Your instructions:
Take the lines below beginning at the line that has "Ku i saa saba" and stopping after the line that has "El Patronato de", and print them exactly as they are, with no other lines.

==== Input for this task

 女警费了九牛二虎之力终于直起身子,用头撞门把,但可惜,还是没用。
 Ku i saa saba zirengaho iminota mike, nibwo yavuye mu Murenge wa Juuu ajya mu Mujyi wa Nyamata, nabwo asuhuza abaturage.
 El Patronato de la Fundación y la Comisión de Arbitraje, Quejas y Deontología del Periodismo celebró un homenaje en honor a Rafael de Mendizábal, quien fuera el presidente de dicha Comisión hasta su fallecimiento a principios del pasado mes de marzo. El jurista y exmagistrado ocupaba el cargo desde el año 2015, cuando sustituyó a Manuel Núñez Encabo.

========
==== Input for this task

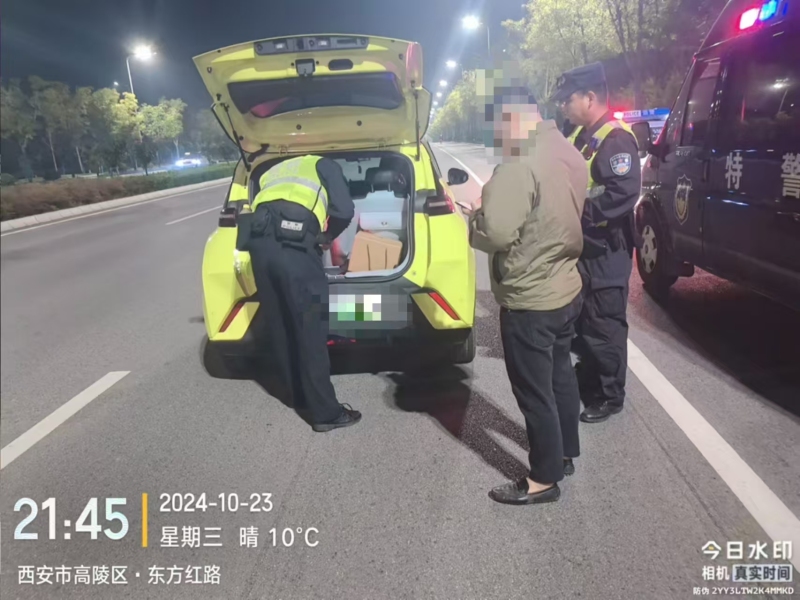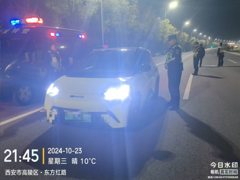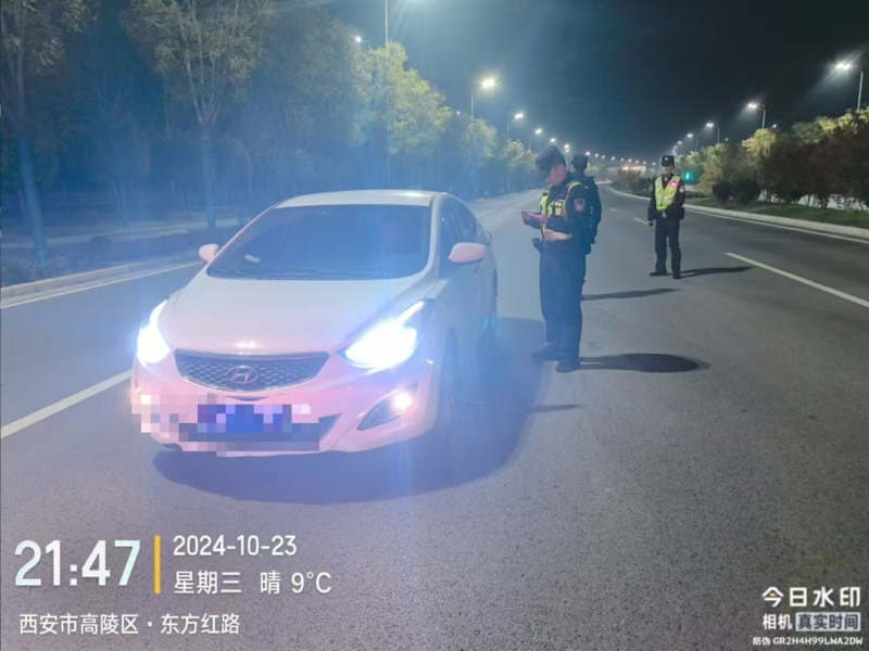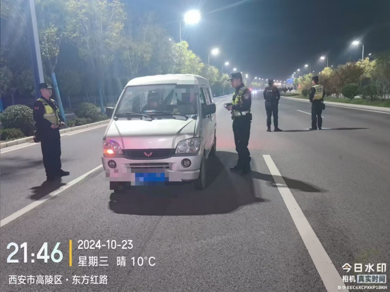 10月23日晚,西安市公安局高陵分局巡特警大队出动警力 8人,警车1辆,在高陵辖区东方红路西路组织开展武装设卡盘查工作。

========

Finished exercise:
 Ku i saa saba zirengaho iminota mike, nibwo yavuye mu Murenge wa Juuu ajya mu Mujyi wa Nyamata, nabwo asuhuza abaturage.
 El Patronato de la Fundación y la Comisión de Arbitraje, Quejas y Deontología del Periodismo celebró un homenaje en honor a Rafael de Mendizábal, quien fuera el presidente de dicha Comisión hasta su fallecimiento a principios del pasado mes de marzo. El jurista y exmagistrado ocupaba el cargo desde el año 2015, cuando sustituyó a Manuel Núñez Encabo.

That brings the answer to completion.